◆ Aim of the task ◆
Pictures stay out of this copy; please retype only the lines from the start of the records through the line with "Zimmermann Illustration Buttoned".

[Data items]
++++++++++

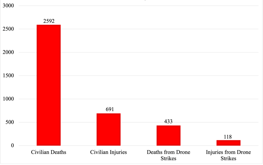 Furthermore, as illustrated in Figure 2, the 53 confirmed drone strikes occurred in 35 separate incidents and resulted in 551 civilian casualties including 433 civilian deaths and 118 injuries. The drone strikes disproportionately targeted civilians in marketplaces, schools, clinics, and ambulances—which is against International Humanitarian Law.
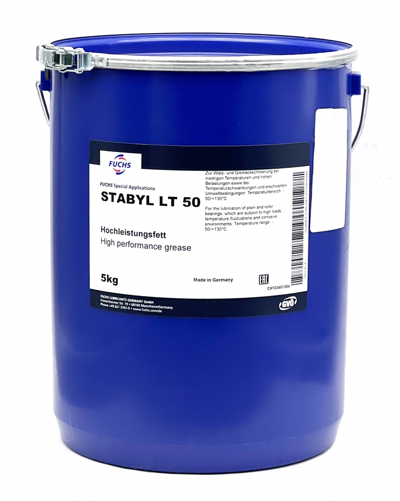 • STABYL LT 50 wird zur Schmierung von Gleit- und Wälzlagern eingesetzt, die niedrigen Temperaturen, hohen Belastungen, Temperaturschwankungen und schwierigen Umgebungsbedingungen ausgesetzt sind, beispielsweise im allgemeinen Maschinenbau, in der chemischen Industrie, in der Eisen- und Stahlindustrie, im Baumaschinenbau und in der Automobilindustrie.
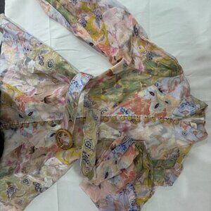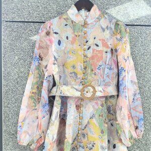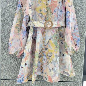 Zimmermann Illustration Buttoned Belted Floral Linen Mini Dress size 0
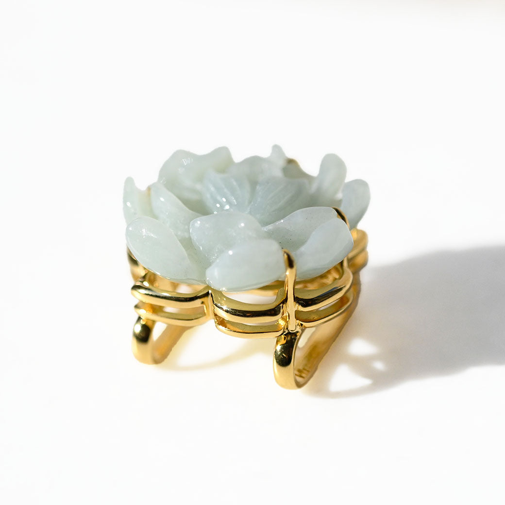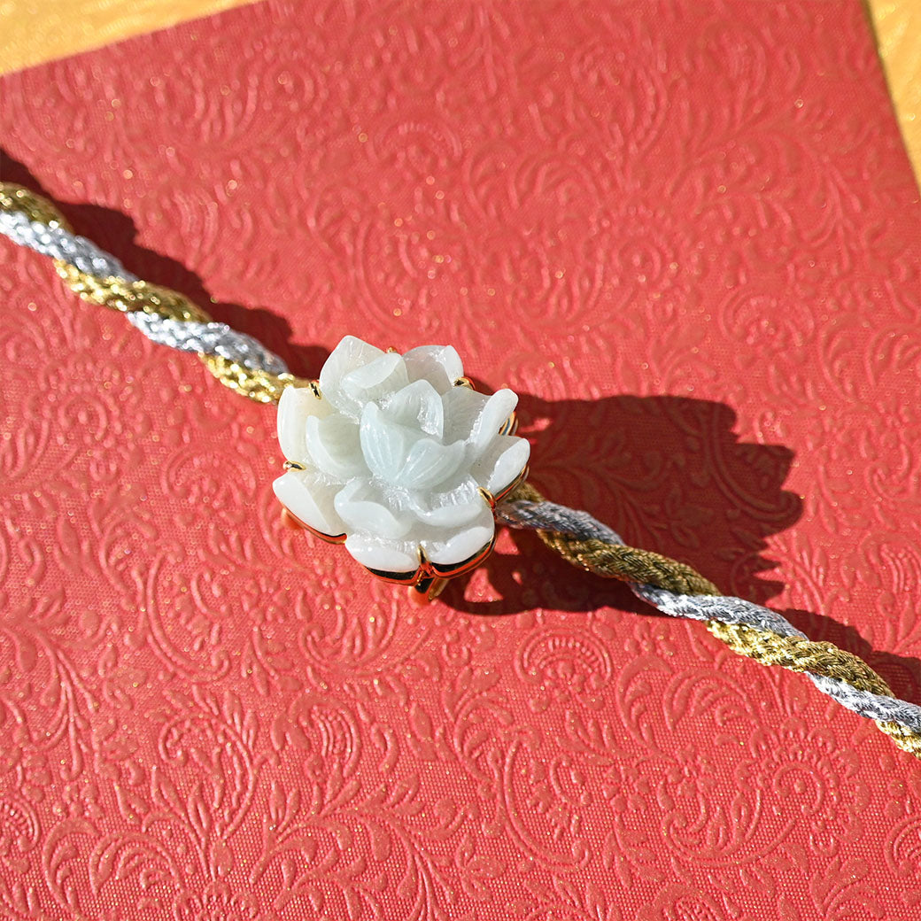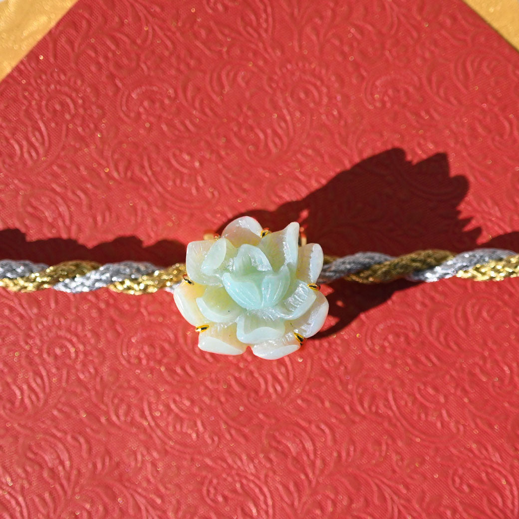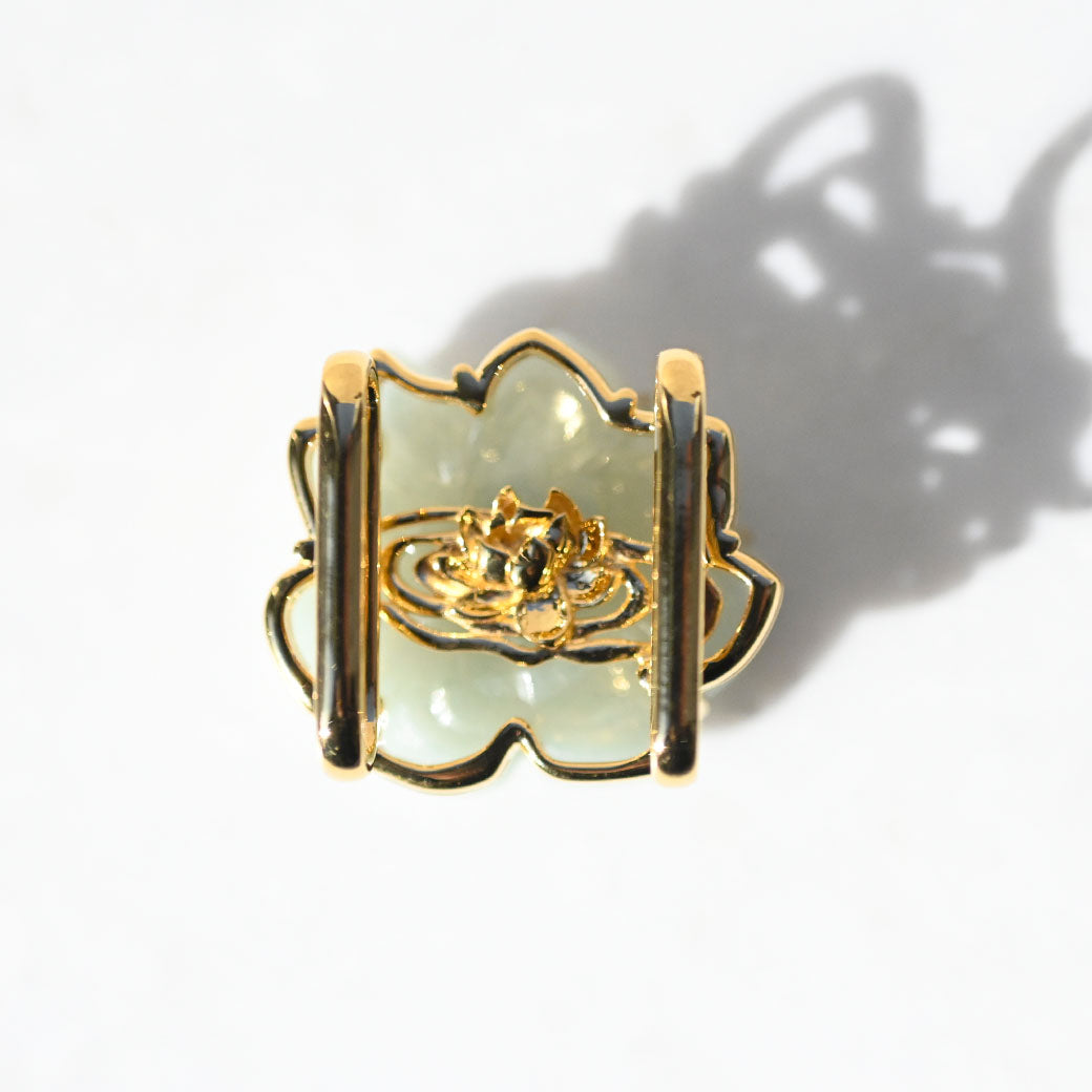 気品あふれる淡い緑色の翡翠を、繊細な蓮の花のモチーフに彫刻した帯留めです。蓮は古来より「清らかさ」や「再生」の象徴とされ、日本の和装にもよく調和する縁起の良いデザインです。高品質なSILVER 925製の金具により、しっかりとした装着感と上品な輝きを兼ね備えています。
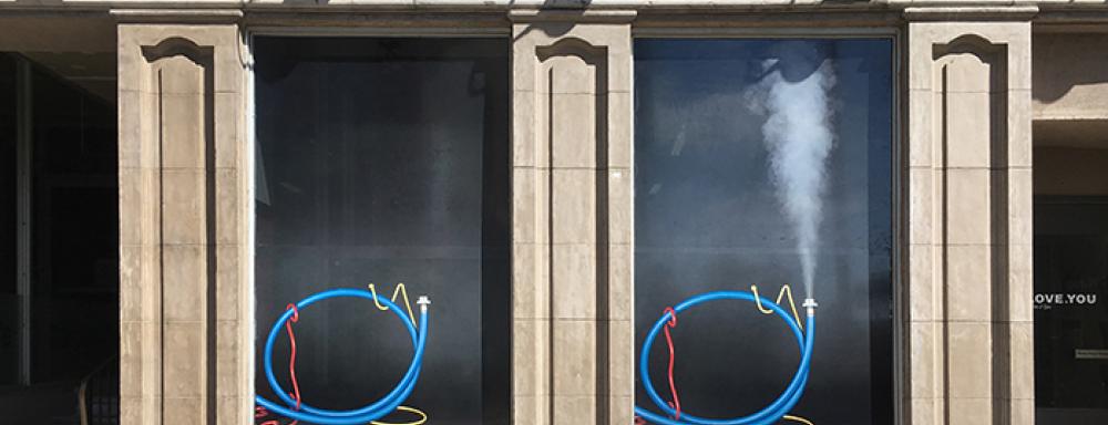 Jimmy Limit produced a series of large-scale photographs printed on vinyl and applied to store windows in downtown Kitchener. Employing commercial product photography, marketing and presentation techniques, Jimmy Limit creates still-life compositions using objects either acquired directly from businesses near the installation site or using objects that make reference to the site’s utility. His images are bright and attractive and at the same time mysterious and enigmatic.
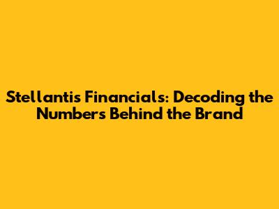 Stellantis Financials: Decoding The Numbers Behind The Brand
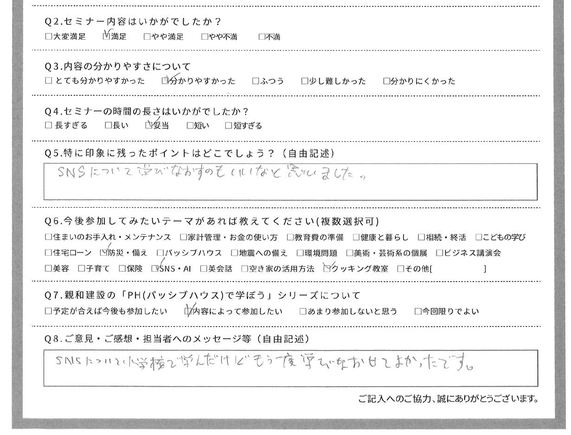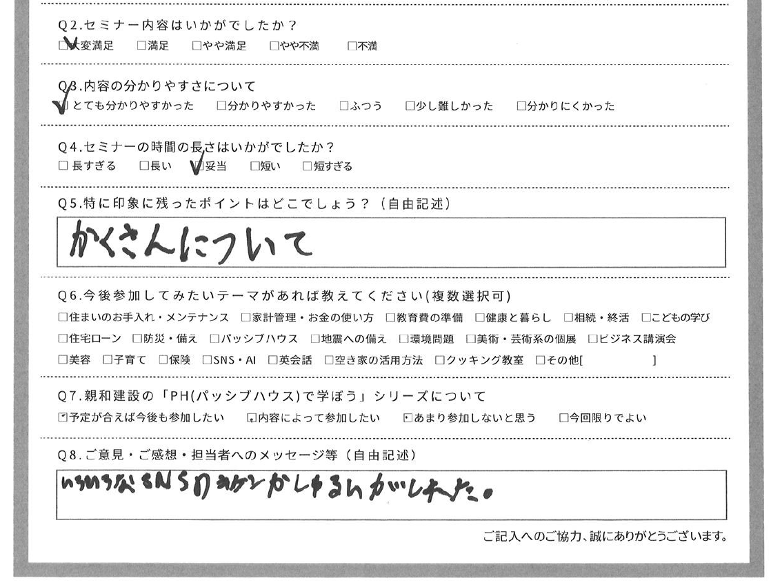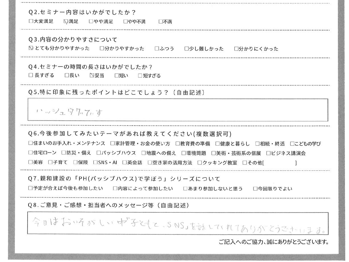 建築会社がSNSの話をイベントとして、地域のみなさんにするのは、ちょっと変に見えるかもしれませんが、住まいも、お金も、教育も、健康も、環境も全てつながっている。
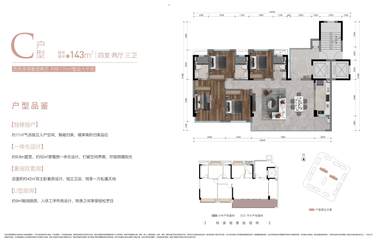 4、C户型143平米赠送面积:30㎡(含入户前厅)、得房约173㎡
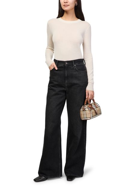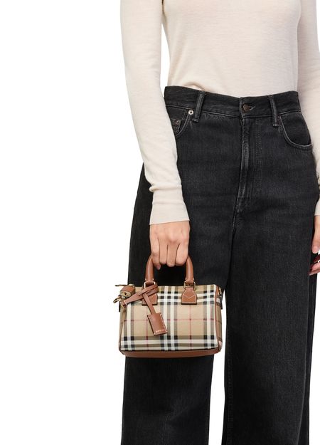 Reveal Burberry's Mini Check bowling bag, crafted from grained leather and embroidered canvas. The iconic Burberry Check pattern and signature 'b' fastener add a refined touch, while an adjustable, detachable thin strap and interior pocket offer versatile functionality for modern style.

++++++++++

◆ Written response ◆
 Furthermore, as illustrated in Figure 2, the 53 confirmed drone strikes occurred in 35 separate incidents and resulted in 551 civilian casualties including 433 civilian deaths and 118 injuries. The drone strikes disproportionately targeted civilians in marketplaces, schools, clinics, and ambulances—which is against International Humanitarian Law.
 • STABYL LT 50 wird zur Schmierung von Gleit- und Wälzlagern eingesetzt, die niedrigen Temperaturen, hohen Belastungen, Temperaturschwankungen und schwierigen Umgebungsbedingungen ausgesetzt sind, beispielsweise im allgemeinen Maschinenbau, in der chemischen Industrie, in der Eisen- und Stahlindustrie, im Baumaschinenbau und in der Automobilindustrie.
 Zimmermann Illustration Buttoned Belted Floral Linen Mini Dress size 0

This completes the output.